The HealthOmics workflow definition files must meet the following requirements:
-
Declare all parameters in the workflow definition file. Parameters include input and output locations, Amazon ECR container repositories, and runtime parameters such as allocated memory or CPU.
-
Your workflow tasks can't access resources using the public internet. Make sure that the workflow can access all input data from AWS resources such as S3.
-
Declare the output files in the workflow definition file. If you want to copy intermediate run files to the output location, declare them as workflow outputs.
-
The input and output locations must be in the same Region as the workflow run.
-
HealthOmics storage workflow inputs must be in
ACTIVE
status. HealthOmics won't import inputs with anARCHIVED
status, causing the workflow to fail. For information about Amazon S3 object inputs, see HealthOmics run inputs. -
HealthOmics provides the following methods to specify the main entrypoint for the workflow:
-
If the workflow definition consists of one file, that file is the main entrypoint for the workflow
-
If the workflow definition consists of multiple files, you can name the entrypoint file
main.ext
, where ext is either wdl, nf, or cwl for WDL, Nextflow, or CWL, respectively. -
When you create the workflow, you can specify a main entrypoint that isn't named main.
-
-
Before you create a workflow, create a zip archive of the workflow definition files and any dependencies, such as subworkflows.
-
We recommend that you declare Amazon ECR containers in the workflow as input parameters for validation of the Amazon ECR permissions.

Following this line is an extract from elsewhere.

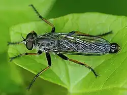 Neomochtherus geniculatus can reach a body length of about 9–20 millimetres (0.35–0.79 in).[3][4][5] These robber flies have a small facial gibbosity with a few bristles forming the mystax. Sternites are predominantly shiny. Femora are black. The widest point of the distinctly broadened hypopygium is in the middle.[6]

Additional Nextflow considerations:
-
/bin
Nextflow workflow definitions may include a /bin folder with executable scripts. This path has read-only plus executable access to tasks. Tasks that rely on these scripts should use a container built with the appropriate script interpreters. Best practice is to call the interpreter directly. For example:
process my_bin_task { ... script: """ python3 my_python_script.py """ }
-
includeConfig
Nextflow-based workflow definitions can include nextflow.config files that help to abstract parameter definitions or process resource profiles. To support development and execution of Nextflow pipelines on multiple environments, use a HealthOmics-specific configuration that you add to the global config using the includeConfig directive. To maintain portability, configure the workflow to include the file only when running on HealthOmics by using the following code:
// at the end of the nextflow.config file if ("$AWS_WORKFLOW_RUN") { includeConfig 'conf/omics.config' }
-
Reports
HealthOmics doesn't support engine-generated dag, trace, and execution reports. You can generate alternatives to the trace and execution reports using a combination of GetRun and GetRunTask API calls.
Additional CWL considerations:
-
Container image uri interpolation
HealthOmics allows the dockerPull property of the DockerRequirement to be an inline javascript expression. For example:
requirements: DockerRequirement: dockerPull: "$(inputs.container_image)"
This allows you to specifying container image URIs as input parameters to the workflow.
-
Javascript expressions
Javascript expressions must be
strict mode
compliant. -
Operation process
HealthOmics doesn't support CWL Operation processes.